Skip the pictures. Set down, word for word, the lines from the start of the material up to and including the line with "HUNGARY: People's Republic, AR".

**Raw data:**
....

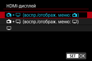Можно указать, как отображаются видеозаписи при записи по интерфейсу HDMI на внешнее устройство. Сам выходной видеосигнал соответствует настройке [: Парам. видеозап.].
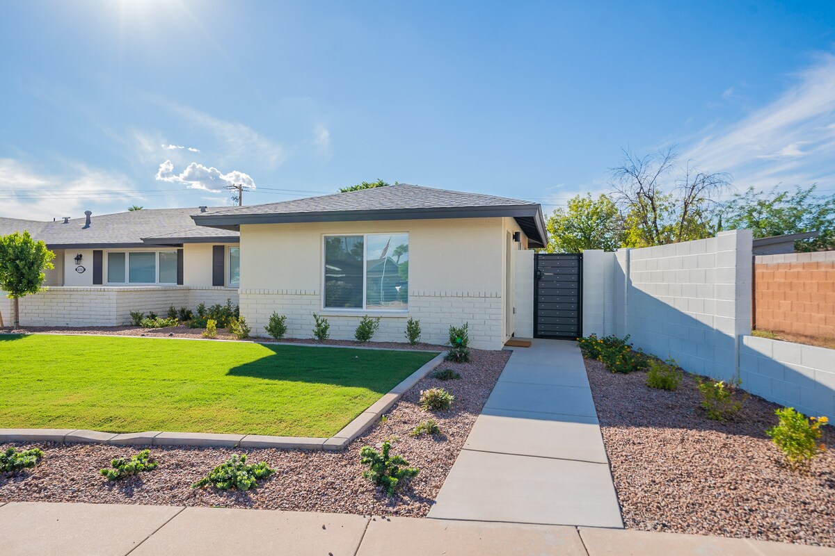 Reliably operated by a top AZ Superhost with 4,400+ 5 star stays. A TRUE find! Best location in Tempe - walkable to downtown, bars and restaurants on Mill, ASU (1.5 miles), Tempe Beach Park, etc. Hidden-away historic guest house with a private yard (and even a secret outdoor 2nd shower). Professionally designed and setup with guest comfort in mind - everything is here for you - premium bed, a dedicated workstation, fully stocked kitchen, an outdoor seating space with bistro lights. INCLUDED 👇
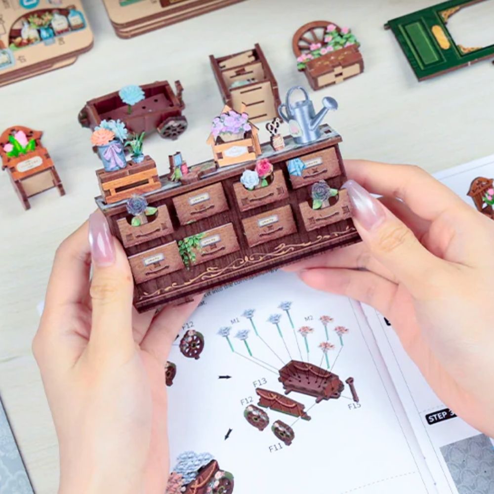 Al abrir el kit, descubrirás todo lo necesario para maqueta de madera sencilla: piezas finamente cortadas, pequeñas decoraciones para ensamblar y detalles de color y textura que te guiarán en la creación de un mundo coherente. Este proceso minucioso pero accesible transforma la actividad creativa en un momento de calma casi meditativo, donde ves nacer poco a poco tu propio pequeño mundo.
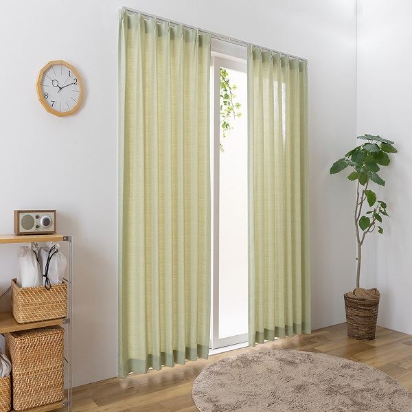 (キーワード: 高級 流行 デザイン おしゃれ オシャレ 耐久 清潔 機能 遮光 TCC328494 RDA0003589978 4162961 インテリア 寝具 カーテン ブラインド カーテン ブラインド 収納 洗えて防炎効果のある、シンプルでナチュラルなドレープカーテン ウォッシャブルでお手入れ簡単、タッセル付きでお部屋をおしゃれに演出 幅150cm、長さ205cmのグリーンカラーがお部屋に爽やかな風を運んでくれます 緑)
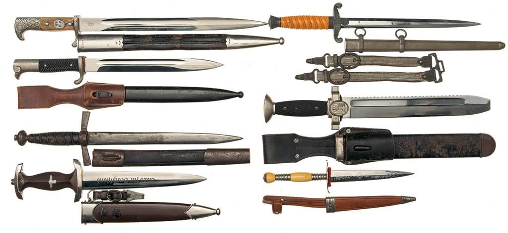 Includes a Red Cross Enlisted Knife, 2 parade bayonets, non-regulation Solingen Naval-themed dagger, unmarked Heer-style dagger and a SA dagger with repainted scabbard. Good overall.
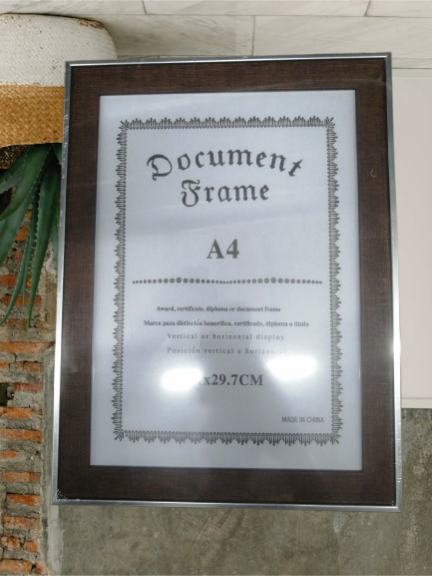 Cadre photo élégant en bois de taille A4 (21x29.7cm). Idéal pour diplômes, certificats ou art décoratif. Parfait pour la décoration intérieure ou bureau.
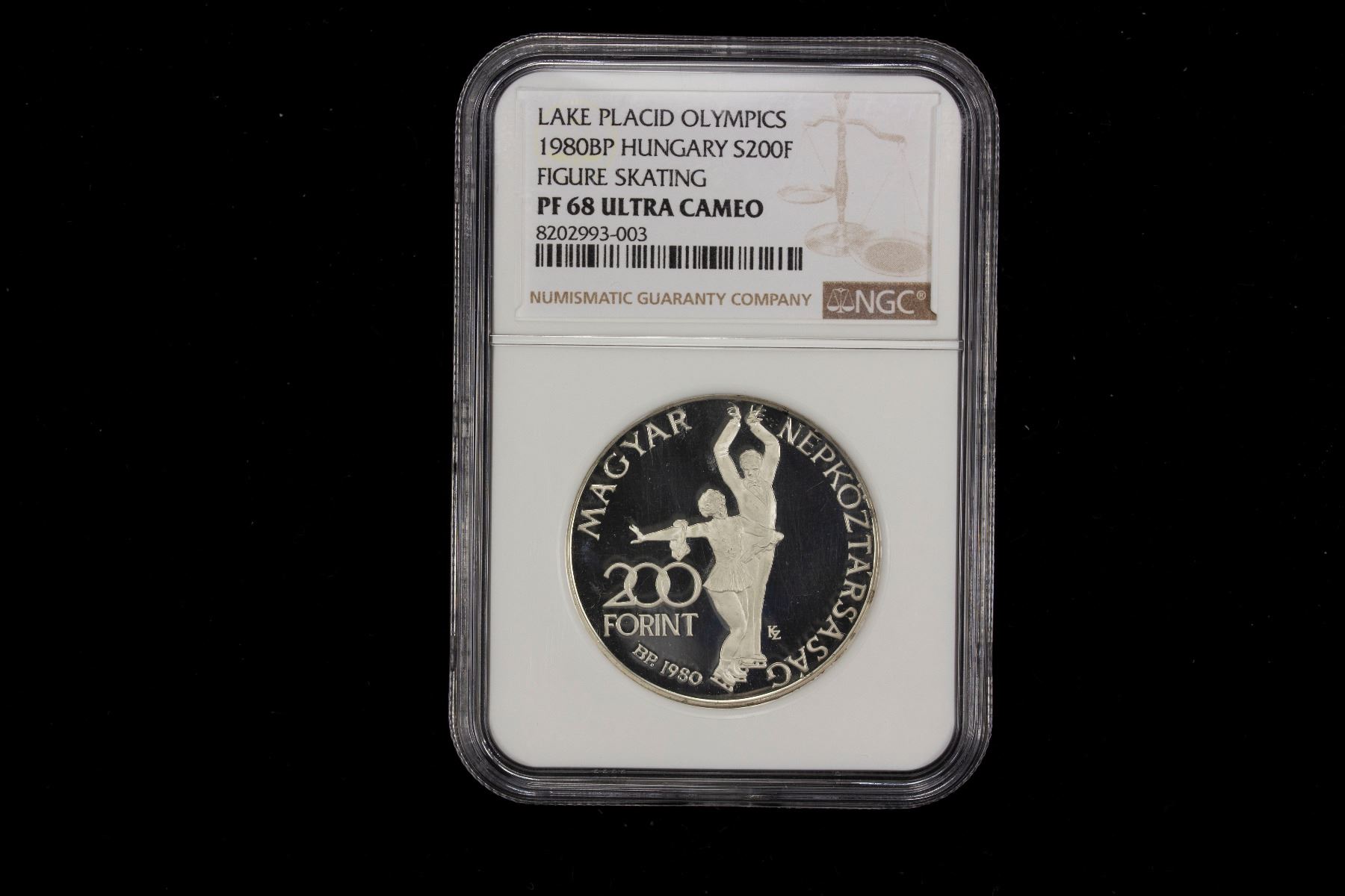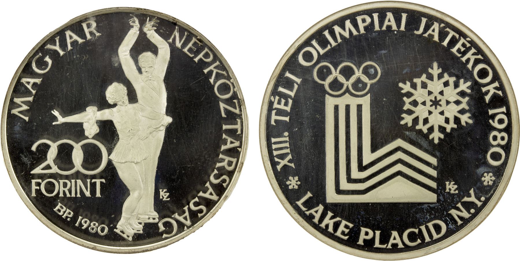 HUNGARY: People's Republic, AR 200 forint, Budapest, 1980-BP, KM-618, XIII Winter Olympics-Lake Placid, Figure Skaters, NGC graded Proof 68 Ultra Cameo.
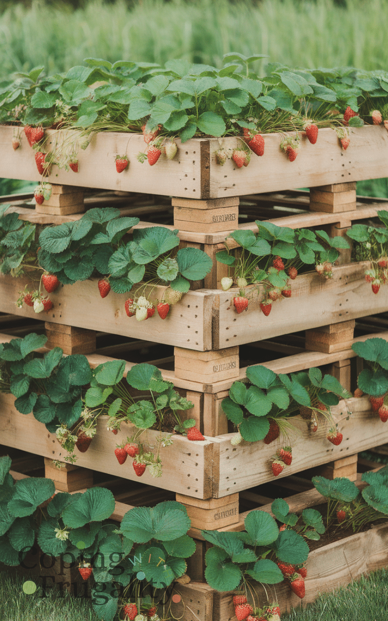 Strawberry containers are fun Best Wood Pallet Planters that make harvesting fresh fruit easier and cleaner. I like this design because strawberries grow well in stacked pockets and stay off the ground. This helps protect them from pests and keeps fruits fresh. The layered pallet structure allows several plants to grow in a small area. It also creates a decorative display with bright green leaves and red berries. With proper sunlight and watering, this planter style becomes both productive and visually attractive in any home garden.
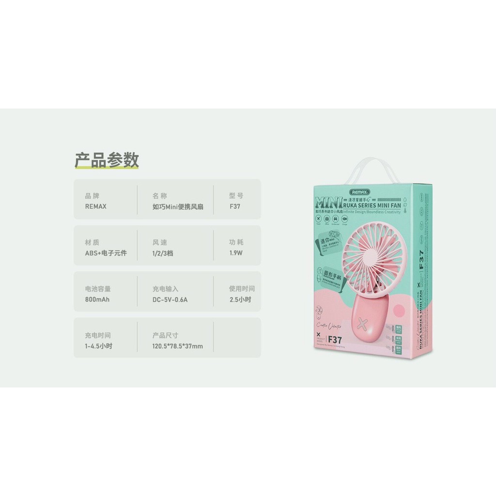 QUẠT CẦM TAY REMAX F37Quạt Remax F37 được thiết kế nhỏ xinh với mầu sắc tươi trẻ và năng động, các bạn có thể cầm đi mọi lúc mọi nơi.
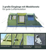 Viel Flexibilität bietet dieses Zelt mit den drei Eingängen, die alle mit Moskitonetz versehen sind. Mit den 2 mitgelieferten Aufstellstangen lässt sich jeweils eine der beiden Seitentüren in ein schattenspendendes Sonnendach umwandeln.
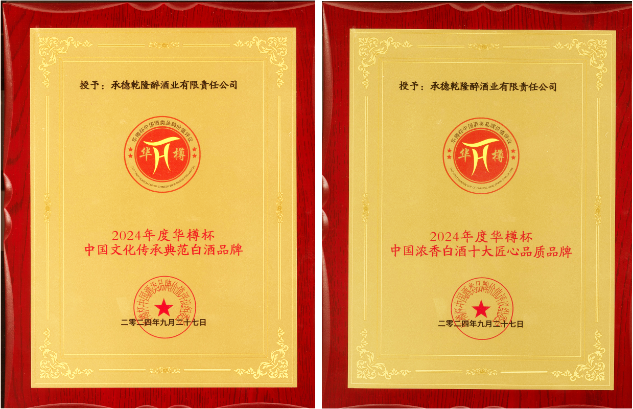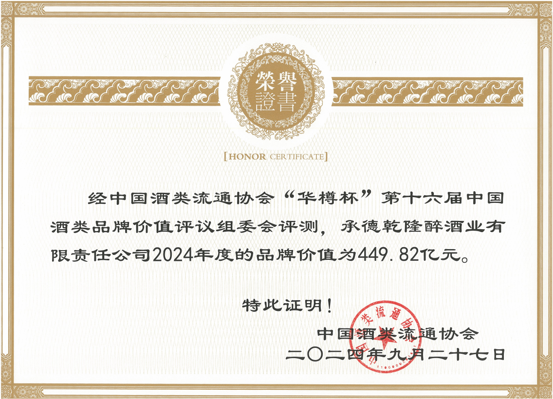 板城酒業(yè)憑借過硬的綜合實(shí)力得到行業(yè)肯定及評(píng)審專家的認(rèn)可,經(jīng)中國酒類流通協(xié)會(huì)“華樽杯”第十六屆中國酒類品牌價(jià)值評(píng)議組委會(huì)評(píng)測(cè),承德乾隆醉酒業(yè)有限責(zé)任公司(板城酒業(yè))2024年度的品牌價(jià)值為449.82億元,中國白酒行業(yè)排名三十位,同時(shí),榮獲“2024年度華樽杯中國濃香白酒十大匠心品質(zhì)品牌”、“2024年度華樽杯中國文化傳承典范白酒品牌”獎(jiǎng)項(xiàng),充分彰顯了冀酒的品質(zhì)自信,也傳遞出行業(yè)、社會(huì)對(duì)板城酒業(yè)品牌文化的高度認(rèn)可。

....

**Answer section:**
Можно указать, как отображаются видеозаписи при записи по интерфейсу HDMI на внешнее устройство. Сам выходной видеосигнал соответствует настройке [: Парам. видеозап.].
 Reliably operated by a top AZ Superhost with 4,400+ 5 star stays. A TRUE find! Best location in Tempe - walkable to downtown, bars and restaurants on Mill, ASU (1.5 miles), Tempe Beach Park, etc. Hidden-away historic guest house with a private yard (and even a secret outdoor 2nd shower). Professionally designed and setup with guest comfort in mind - everything is here for you - premium bed, a dedicated workstation, fully stocked kitchen, an outdoor seating space with bistro lights. INCLUDED 👇
 Al abrir el kit, descubrirás todo lo necesario para maqueta de madera sencilla: piezas finamente cortadas, pequeñas decoraciones para ensamblar y detalles de color y textura que te guiarán en la creación de un mundo coherente. Este proceso minucioso pero accesible transforma la actividad creativa en un momento de calma casi meditativo, donde ves nacer poco a poco tu propio pequeño mundo.
 (キーワード: 高級 流行 デザイン おしゃれ オシャレ 耐久 清潔 機能 遮光 TCC328494 RDA0003589978 4162961 インテリア 寝具 カーテン ブラインド カーテン ブラインド 収納 洗えて防炎効果のある、シンプルでナチュラルなドレープカーテン ウォッシャブルでお手入れ簡単、タッセル付きでお部屋をおしゃれに演出 幅150cm、長さ205cmのグリーンカラーがお部屋に爽やかな風を運んでくれます 緑)
 Includes a Red Cross Enlisted Knife, 2 parade bayonets, non-regulation Solingen Naval-themed dagger, unmarked Heer-style dagger and a SA dagger with repainted scabbard. Good overall.
 Cadre photo élégant en bois de taille A4 (21x29.7cm). Idéal pour diplômes, certificats ou art décoratif. Parfait pour la décoration intérieure ou bureau.
 HUNGARY: People's Republic, AR 200 forint, Budapest, 1980-BP, KM-618, XIII Winter Olympics-Lake Placid, Figure Skaters, NGC graded Proof 68 Ultra Cameo.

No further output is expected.